• [WHAT TO PRODUCE]
Retyping should cover only the lines from the one containing "Rampeløsningen som er" through the final line of the records, with pictures omitted.

• [Stored items from a collection]

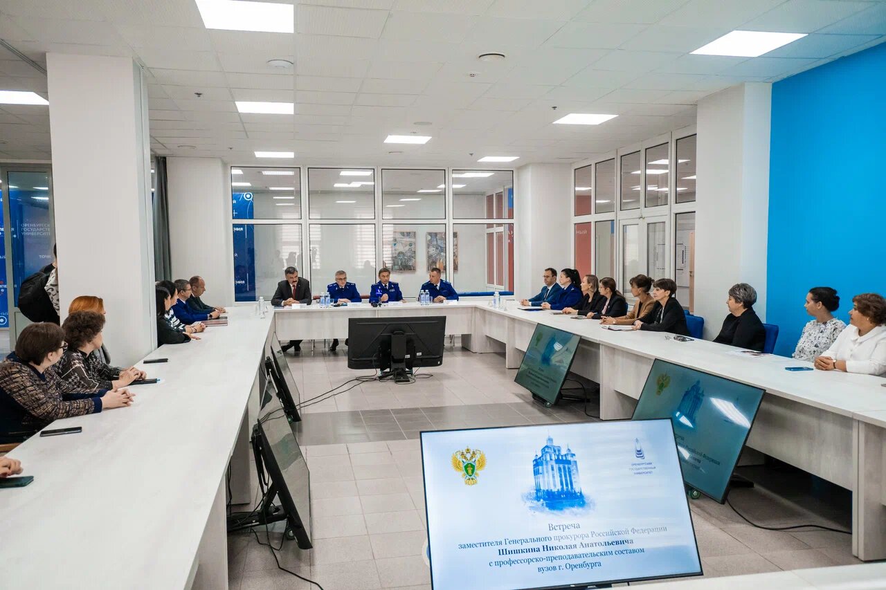 Сегодня, 12 сентября 2023 г., по поручению Генерального прокурора Российской Федерации заместитель Генерального прокурора Российской Федерации Николай Шишкин в рамках рабочей поездки в г. Оренбург на базе федерального государственного бюджетного образовательного учреждения высшего образования «Оренбургский государственный университет» встретился с профессорско-преподавательским составом высших учебных заведений Оренбургской области, осуществляющих подготовку будущих юристов.
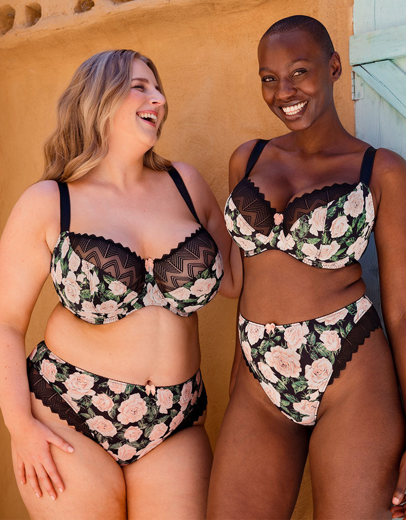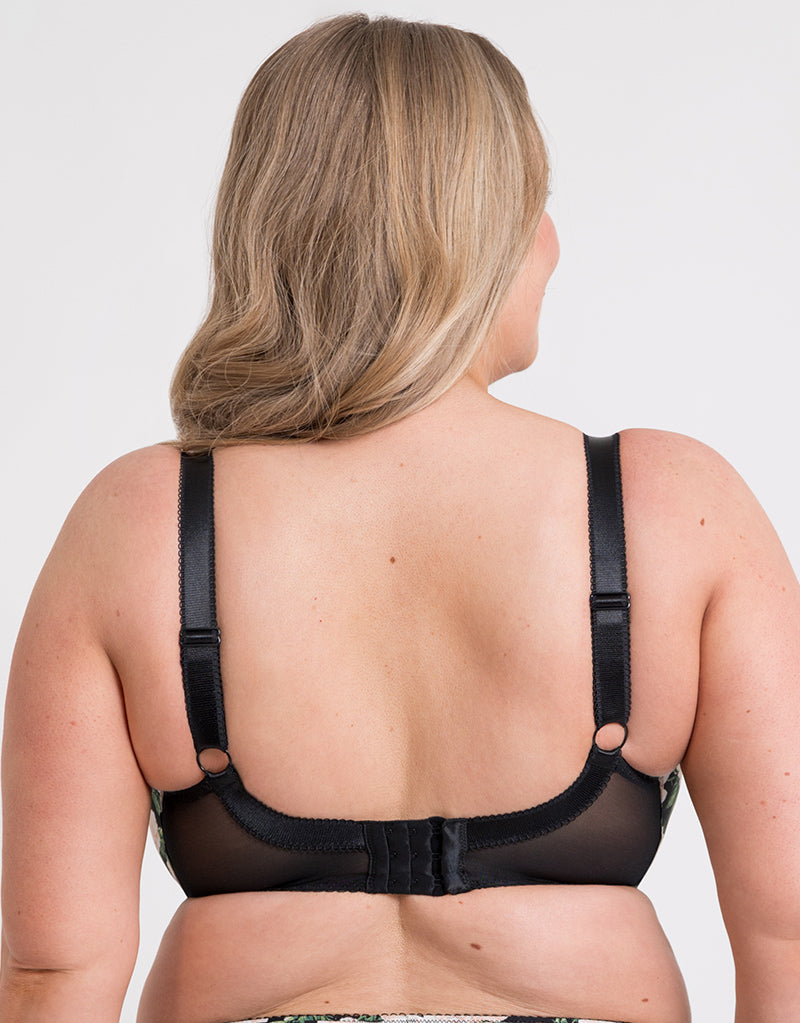 Wild One is back! This Curvy Kate balcony style returns in a beautiful floral print on a black base, featuring a geometric stretch lace top cup detail which offers a flexible fit that moves with your curves, accommodating for breast fluctuations and asymmetry. The simplex bottom cups are opaque for modesty and everyday wear, ensuring a great fit with fantastic support and shape, and giving an up-front look for the perfect foundation to your outfit.
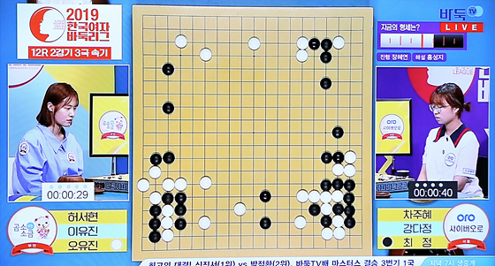 차주혜(흑)-허서현(백)의 장고대국 역시 전반기의 리턴매치였는데 허서현이 전반기의 승리를 재현하며 팀의 승리도 결정했다. 차주혜는 대국초반 침착한 반면운영으로 전국을 리드했으나 중반으로 접어들어 중앙 백 일단을 향한 공격이 실패하면서 빠르게 무너졌다. 각각 우변과 하변에 큰 세력을 구축해 단순하게 갈라진 국면의 경계가 결정되고 집의 윤곽이 확실해지면서 승부도 끝이 났다. 승리한 <부안 곰소소금>은 가장 먼저 8승 고지에 오르며 1위로 복귀했고 패한 <서울 사이버오로>는 4위로 한 계단 내려앉았다. 2019 한국여자바둑리그는 1~4위 팀이 승차 없이 물고 물리는 각축전을 펼치고 있어 최종라운드에 접어들어야 우승팀이 드러날 것 같다.
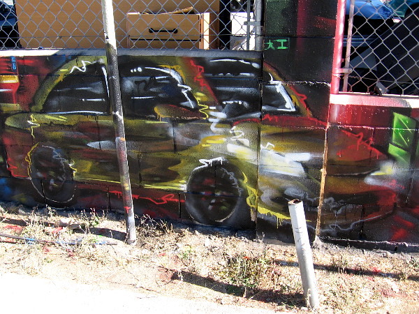 Meanwhile, a large mural in the alley next to 7-Eleven was just getting started by GMONIK. It will be the third inspiring piece of art on that wall. I’ll swing by at some point in the future and take a photo of the completed work.
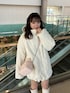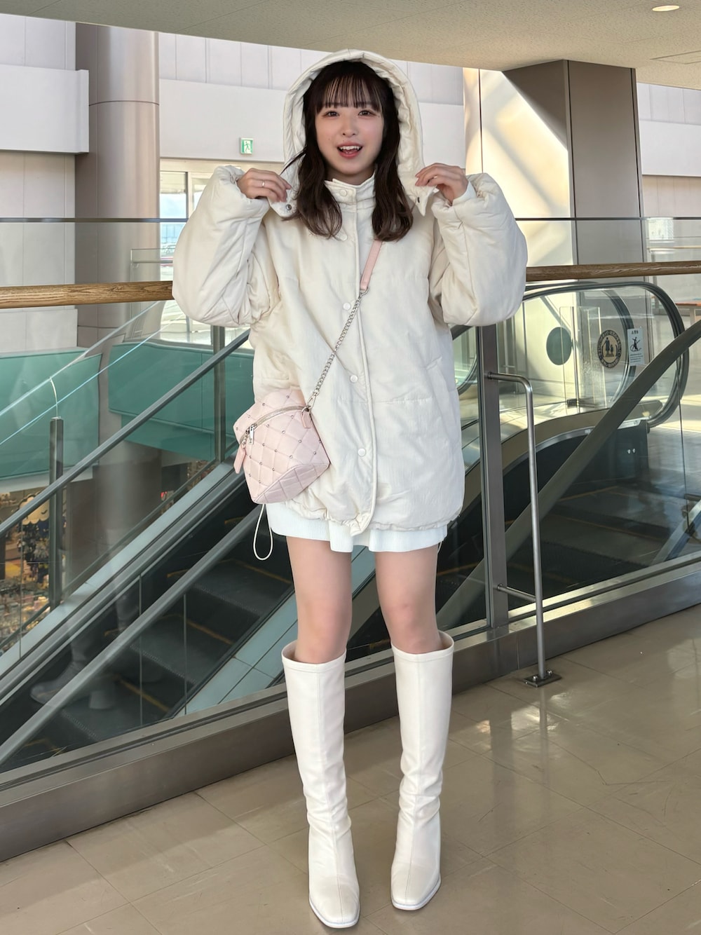 白だったらガーリーに可愛くダウンも着れちゃう🥹 軽くて着やすいし、丸みのあるシルエットとおしりの下まで隠せる丈が◎ 低身長でも大きすぎないです!
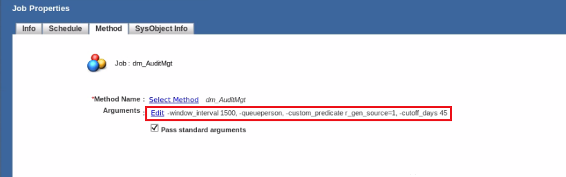 - Select Jobs > dm_AuditMgt on the Jobs screen. Next select Properties > Method tab > Edit > set the cutoff_days value to 30 or higher.
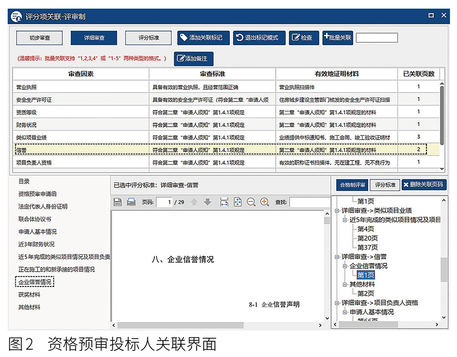 摆脱一式多份的纸张压力后,电子文件所能容纳的信息量激增,为提高评标效率,武汉市的电子标系统设计了“关联”步骤:在资格预审系统中,由投标人将评审项与文件中对应的位置设置关联(见图2,投标人可将详细评审中的信誉关联到企业信誉情况的第1页),方便评审专家在资格预审评审专家界面阅览时一键直达(见图3,如评审专家在此界面点击评审项“信誉”,可跳转至3号投标人对“信誉”所设关联页,按“申请人须知 第1.4.1项”中的规定审查3号投标人是否符合要求);在投标系统中,由招标人在招标文件中的关联界面设置关联项(见图4,投标人可看到招标文件中已有的关联情况,并将关键信息放置在对应的节点,保证评委在评审专家界面能够看到),评标委员会按招标文件要求在已关联的节点中进行评审[见图5,评审专家可依次点击“(一)投标一览表”“(二)投标函”等招标文件设置的关联节点来审查测试企业001在“投标文件”项是否符合“投标文件能正常打开”的要求]。
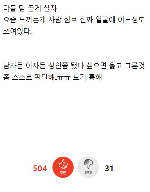남자든 여자든 성인쯤 됐다 싶으면 옳고 그른것 좀 스스로 판단해..ㅠㅠ 보기 흉해
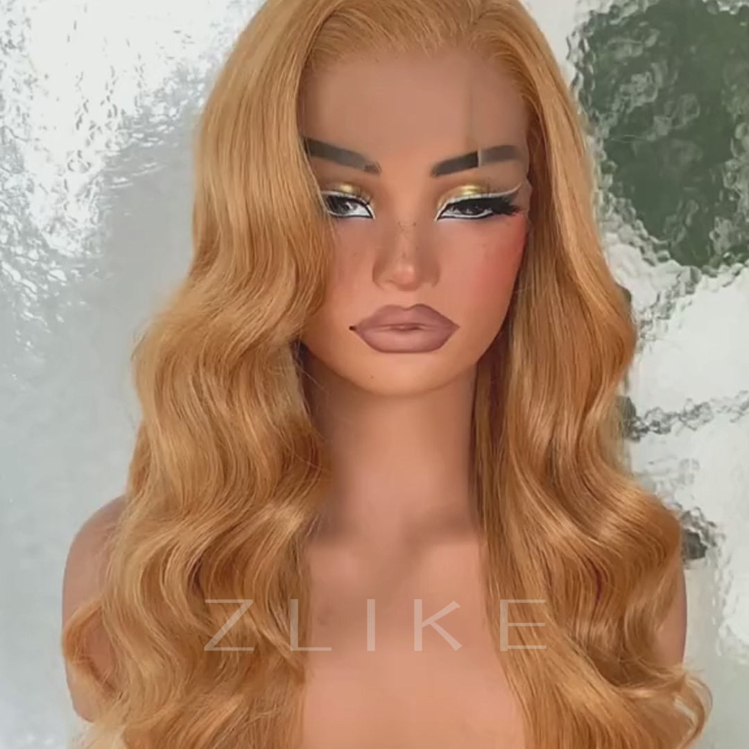 Honey Blonde #27 Body Wave Human Hair Wigs Pre Plucked Lace Front Wig-Zlike
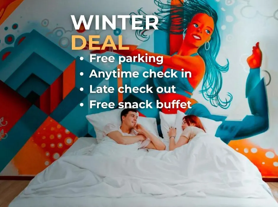 Amsterdam Teleport Hotel, a 3-star accommodation rated 7.6/10 on Booking.com, blends hostel-style environment with hotel comforts. It features communal spaces like a private city beach and art from talented street artists.
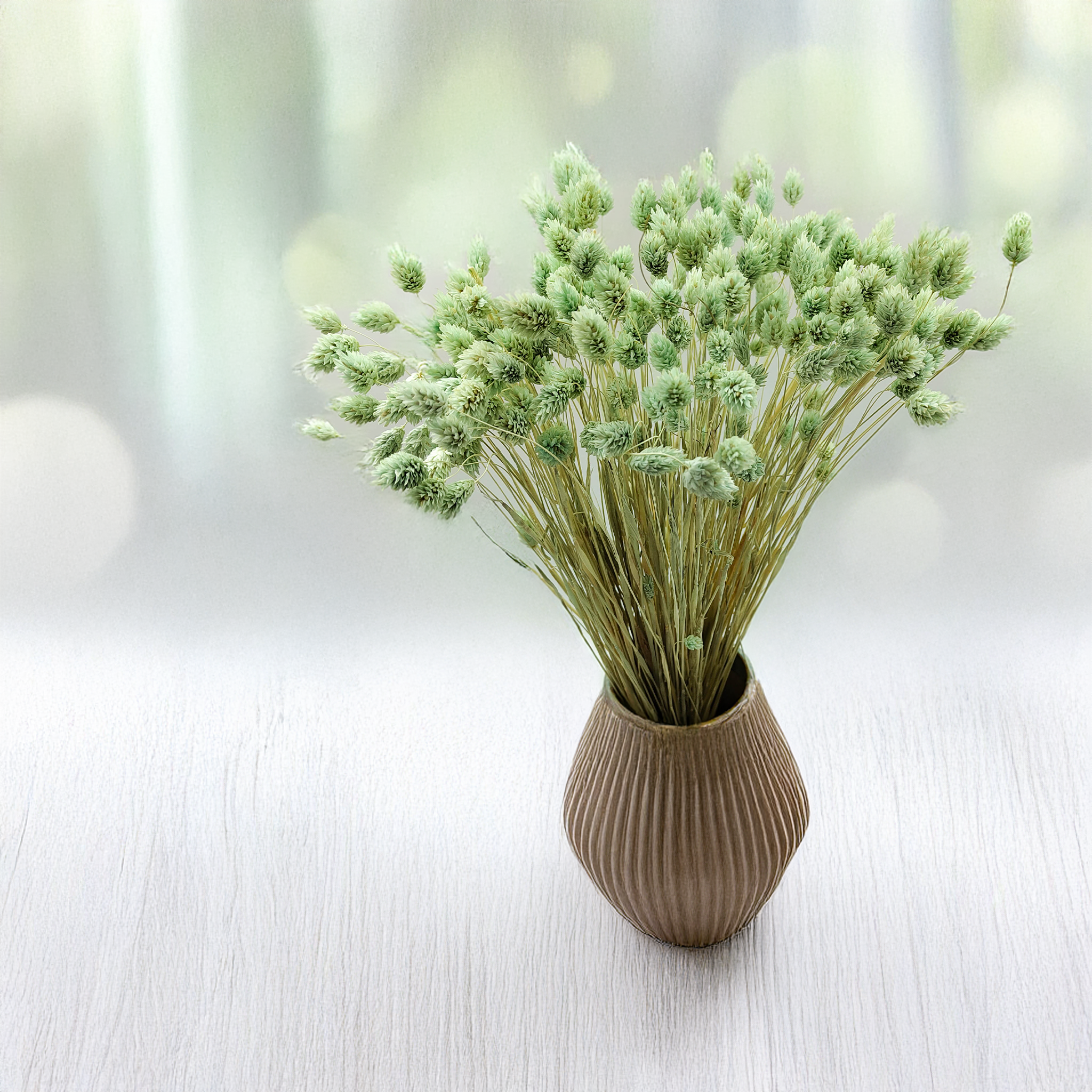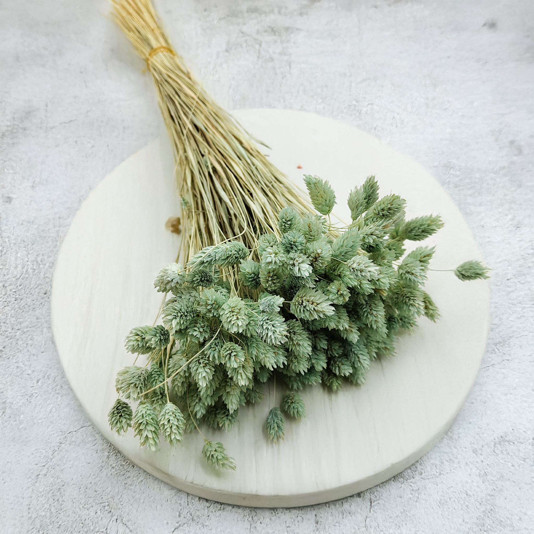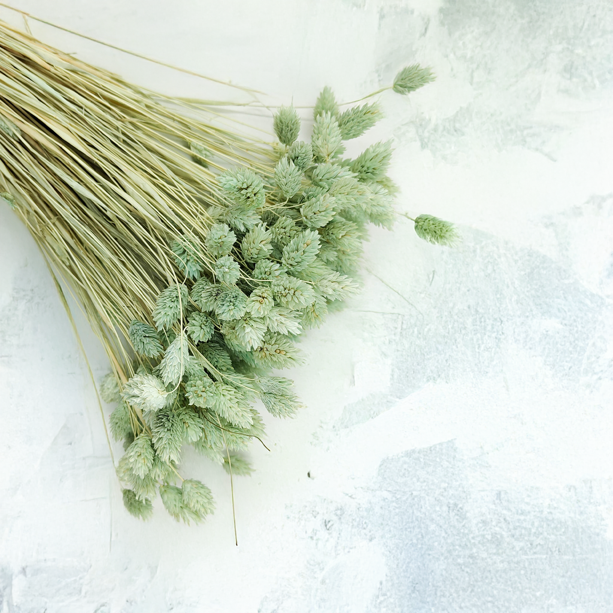 Phalaris Miętowy to wyjątkowo subtelna wersja mozgi kanaryjskiej, barwiona na świeży, pastelowy odcień mięty. Ten kolor symbolizuje spokój, lekkość i czystość – doskonale sprawdzając się w aranżacjach o romantycznym, sielskim i naturalnym charakterze. Dzięki swojej delikatnej barwie, miętowy Phalaris pasuje zarówno do kompozycji ślubnych, jak i nowoczesnych projektów wnętrzarskich.
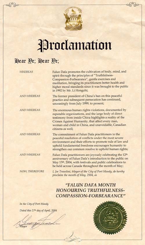鉴于,法轮大法学员们将于2004年5月13日喜庆法轮大法洪传12周年,并在5月期间在加拿大各地举行公开的庆祝活动;
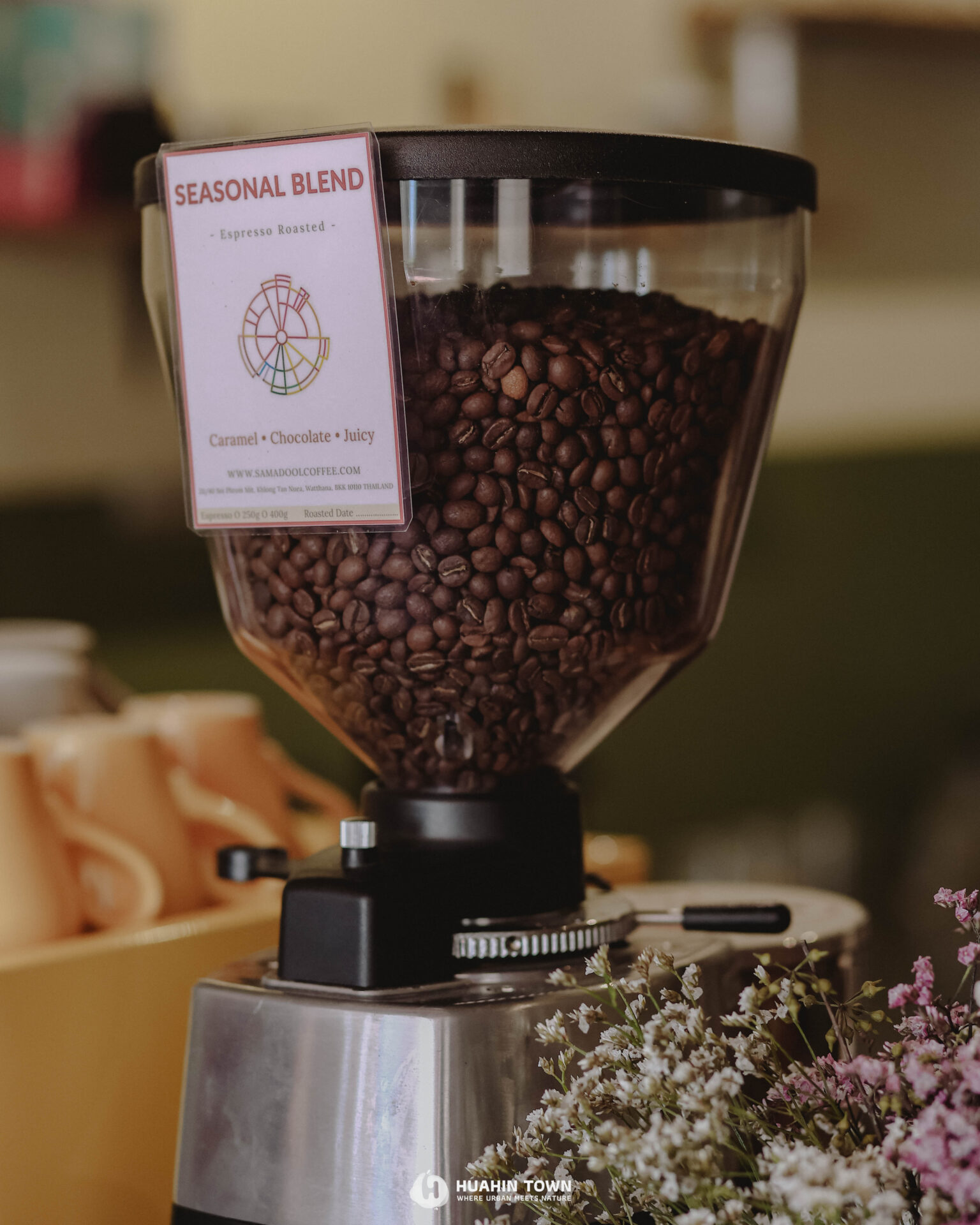 ตัวร้านตั้งอยู่ในซอยหัวหิน 102 ค่ะ เป็นร้านเล็กๆ มีมุมจิบกาแฟเบาๆ แต่บรรยากาศแสนอบอุ่น บาริสต้าใจดี เป็นกันเอง และมีเสน่ห์เฉพาะตัว
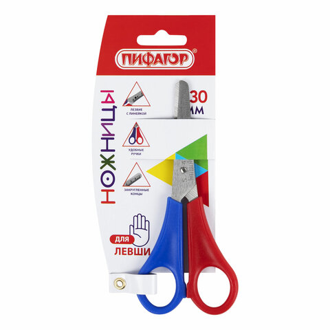 Ножницы ПИФАГОР, 130 мм, для левши, с линейкой, в картонной упаковке с европодвесом
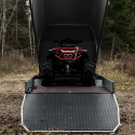 Rampeløsningen som er utviklet for denne hengeren, er belagt med slitesterk riflet plast som gir godt grep og sikkerhet, selv under glatte forhold. Rampen fungerer som en praktisk på- og avkjøringsvei og krever ikke ekstrautstyr ved lasting og lossing.
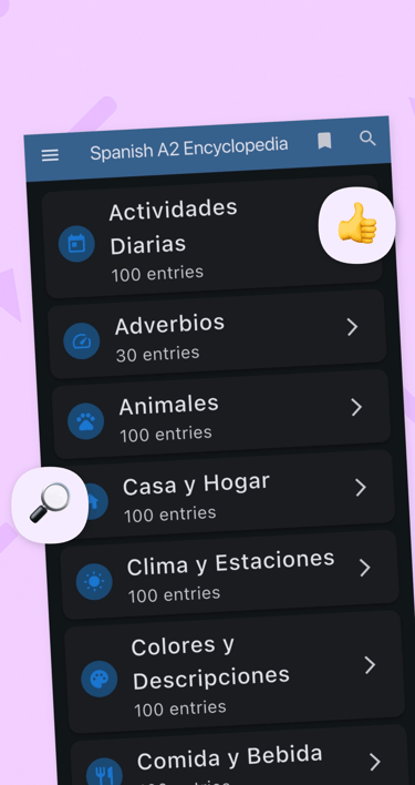 Enciclopedia Espanol A2 is a comprehensive Spanish learning app designed for A2-level learners. With 1,862 carefully curated vocabulary entries, 11 grammar lessons, 30 interactive dialogues, 21 audio comprehension exercises, verb conjugation tools, and engaging gamification features, you'll master Spanish vocabulary and grammar with confidence.
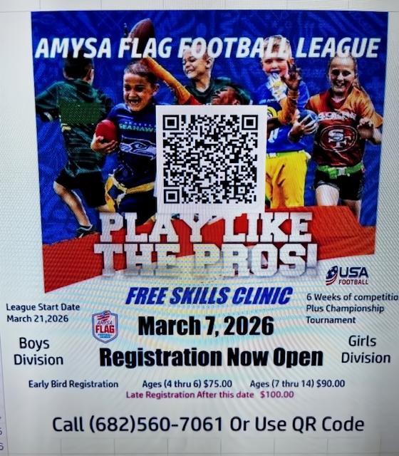AMYSA Spring Flag Football League Ages 7 thru Middleschool.

• [SOLUTION TO THE EXERCISE]
 Rampeløsningen som er utviklet for denne hengeren, er belagt med slitesterk riflet plast som gir godt grep og sikkerhet, selv under glatte forhold. Rampen fungerer som en praktisk på- og avkjøringsvei og krever ikke ekstrautstyr ved lasting og lossing.
 Enciclopedia Espanol A2 is a comprehensive Spanish learning app designed for A2-level learners. With 1,862 carefully curated vocabulary entries, 11 grammar lessons, 30 interactive dialogues, 21 audio comprehension exercises, verb conjugation tools, and engaging gamification features, you'll master Spanish vocabulary and grammar with confidence.
AMYSA Spring Flag Football League Ages 7 thru Middleschool.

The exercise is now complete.